Opinión

El drama que no cesa

Se ha quitado la vida un hombre vitalista. Se ha suicidado un hombre acostumbrado a encarar las profundidades a pulmón libre. Le he dado sepultura en la cajita de mis mejores recuerdos, como cuando me fugaba de casa descolgándome por el balcón de mi habitación, justo encima del despacho de mi padre, porque cada día era una fiesta de cumpleaños. Era el tiempo en que todos los sueños no sólo parecían alcanzables, sino obligados a esperar a que decidiéramos alcanzarlos. 

Como poco, cada suicidio deja huérfana una familia de interrogantes. No es fácil seguir la pista de una tragedia que carga en un acto, de manera solitaria, con la responsabilidad de cualesquiera que sean sus cómplices: un sistema de salud pública sin personal ni tiempo para escuchar, imposibilitado para un control exhaustivo, que sobremedica las tristezas e infradiagnostica los verdaderos trastornos mentales; una educación intolerante a la frustración; una tecnología que destierra la conversación; una realidad laboral que aboca a los jóvenes al paro y a la dependencia mientras la virtualidad los bombardea con el deber de ser felices; un efebismo y un adanismo que arrincona a los viejos; una sociedad vaciada de virtudes, incapaz de resolver lo que Camus consideraba la cuestión fundamental de la filosofía: si vale o no la pena vivir. 

Puesto que el suicidio es un drama multifactorial, su prevención no debería jugarse a una sola carta farmacológica. Y menos cuando nuevas investigaciones cuestionan la relación entre bajos niveles de serotonina y depresión.

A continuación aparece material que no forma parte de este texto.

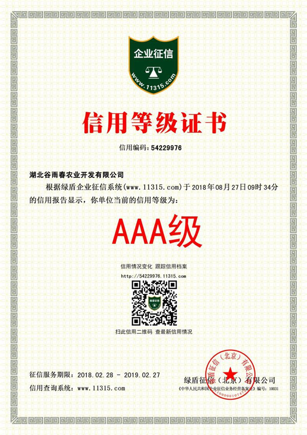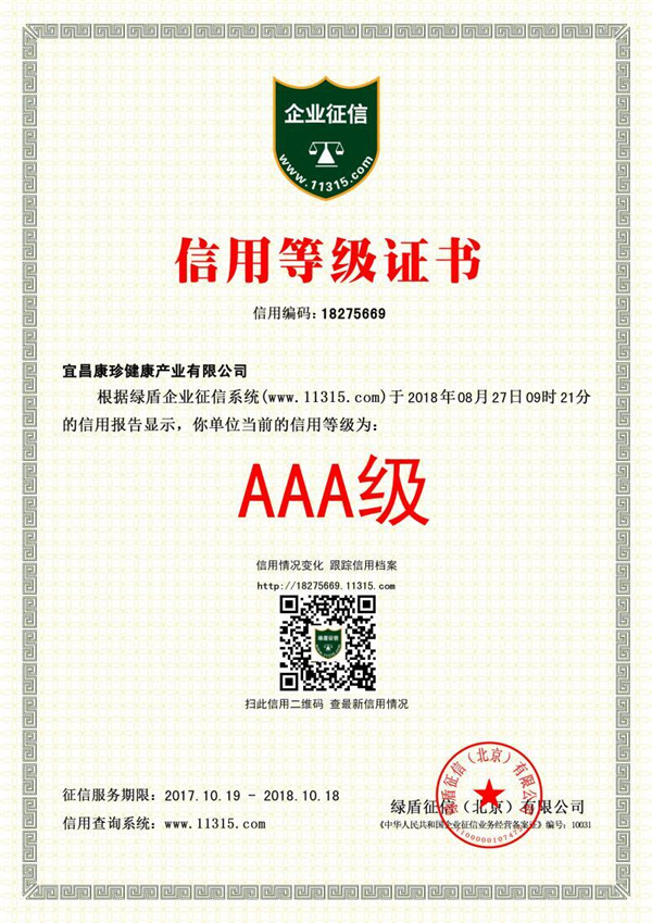 宜昌市自2014年引入绿盾全国征信系统,成立第三方信用服务机构,设立“企业征信”窗口以来,受到当地政府部门,企事业单位的大力支持和推动,企业积极建立完善信用档案,各企业力争成为本行业的领头羊,涉及民生福祉的食品行业更是诚信建设的重要领域,以下是本行业AAA级企业展示(排名根据立信时间先后顺序展示)。

Tampoco hay que olvidar que en 2004 la FDA vinculó los antidepresivos inhibidores selectivos de la recaptación de serotonina (entre ellos la fluoxetina, principio activo del Prozac) con el riesgo de suicidio, sobre todo juvenil, en las primeras fases del tratamiento, advertencia que consta veladamente en los prospectos, que aconsejan un «cuidadoso seguimiento». No parece posible con una media de nueve psiquiatras por cada 100.000 habitantes. 

El año pasado, en España se consumieron 111 millones de envases de ansiolíticos y antidepresivos, un 30% más que hace una década. Una población con la ilusión emparedada entre blísteres, adormecida emocionalmente, zombificada, está más cerca del ocaso, porque para querer matarse primero hay que haber muerto. Una muerte interior, un soterramiento en las cunetas del alma, donde no llegan los claveles. 

Se antoja más lógico, aunque menos rentable para las farmacéuticas, invertir en psicoterapia, máxime cuando es la soledad, el aislamiento, uno de los trampolines de la ideación autolítica, y sufragar un plan nacional que aborde la prevención del suicidio más allá de la salud mental. 

4.097 personas se quitaron la vida en 2022, un 2,3% más que el año anterior. Once suicidios al día. De la estadística a la biografía hay apenas un mal momento, ese instante en que parece que «todo el color del mundo hubiera sido absorbido de golpe por el pequeño agujero negro del corazón». Lo describe muy bien Itxu Díaz en su estupenda primera novela, Rosas de papel, la historia de un desencanto amoroso y vital. El libro zarandea al lector porque asiste a la caída en desgracia del protagonista consciente de que el infierno no es un exilio lejano, sino una cama siempre deshecha pegadita a la rutina. «Tibia tibieza —borda Itxu—. La de vivir mientras todo se te va muriendo». 

Se ha suicidado un hombre generoso y bueno. No ha habido lazos rosas ni concentración ni minuto de silencio a las puertas de ningún ayuntamiento.